Open, Closed, and Non-Degenerate Embedding Dimensions of Neural Codes

TL;DR

This paper characterizes the possible triples of open, closed, and non-degenerate embedding dimensions of neural codes, providing new constructions that demonstrate the range of these dimensions and the first examples where closed embedding exceeds open embedding.

Contribution

It establishes that any triple of embedding dimensions satisfying certain inequalities can be realized by a neural code, and introduces new construction methods using convex set sunflowers and rigid structures.

Findings

Constructed codes for all valid embedding dimension triples.

First examples of codes with larger closed than open embedding dimension.
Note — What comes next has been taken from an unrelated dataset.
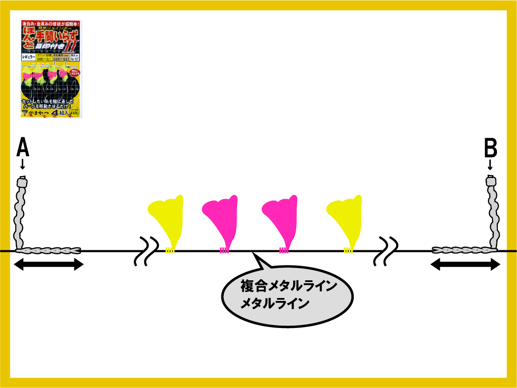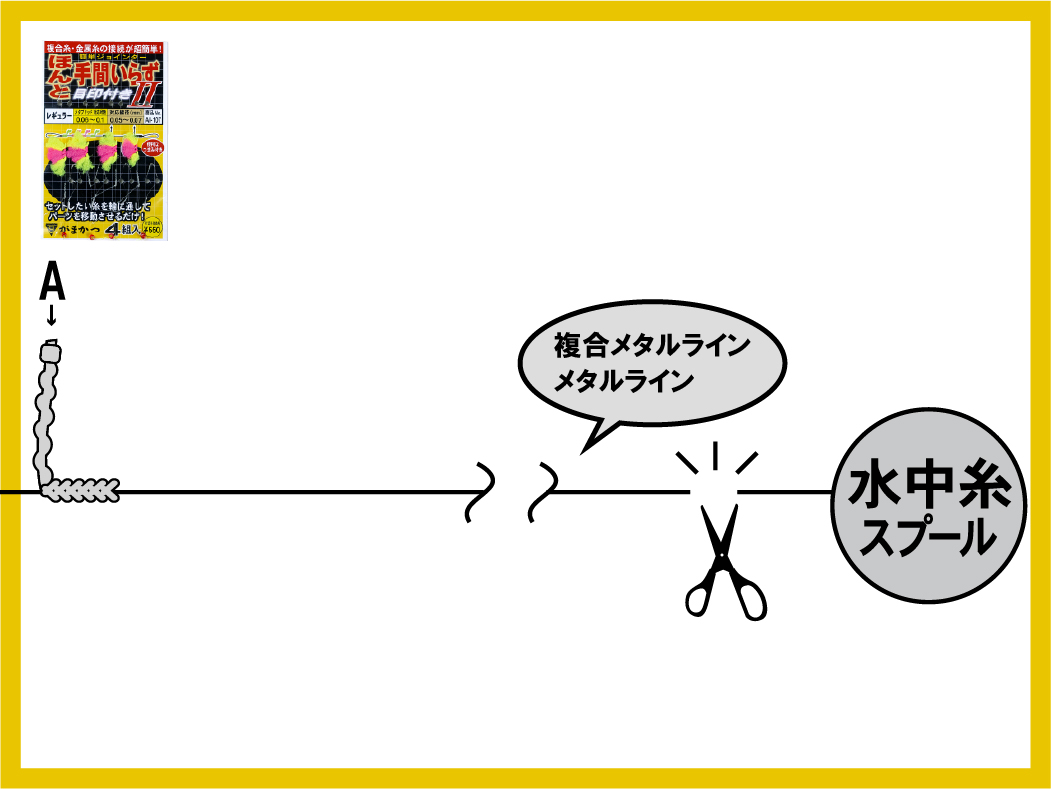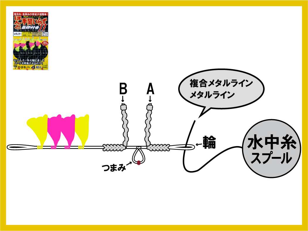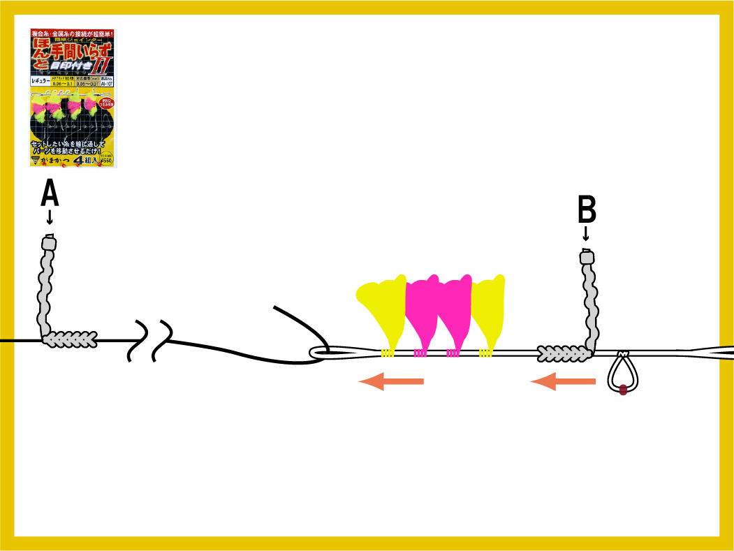 1.水中糸を上図の輪に通して(A) を水中糸へ移動させます。この時、つまみを持つと作業がしやすくなります。

Provided a complete characterization of feasible embedding dimension triples.

Abstract

We study the open, closed, and non-degenerate embedding dimensions of neural codes, which are the smallest respective dimensions in which one can find a realization of a code consisting of convex sets that are open, closed, or non-degenerate in a sense defined by Cruz, Giusti, Itskov, and Kronholm. For a given code $\mathcal C$ we define the embedding dimension vector to be the triple $(a,b,c)$ consisting of these embedding dimensions. Existing results guarantee that $\max\{a,b\} \le c$, and we show that when any of these dimensions is at least 2 this is the only restriction on such vectors. Specifically, for every triple $(a,b,c)$ with $2\le \min \{a,b\}$ and $\max\{a,b\}\le c$ we construct a code $\mathcal C_{(a,b,c)}$ whose embedding dimension vector is exactly $(a,b,c)$. Our constructions combine two existing tools in the convex neural codes literature: sunflowers of convex open sets, and rigid structures, the latter of which was recently defined in work of Chan, Johnston, Lent, Ruys de Perez, and Shiu. Our constructions provide the first examples of codes whose closed embedding dimension is larger than their open embedding dimension, but still finite.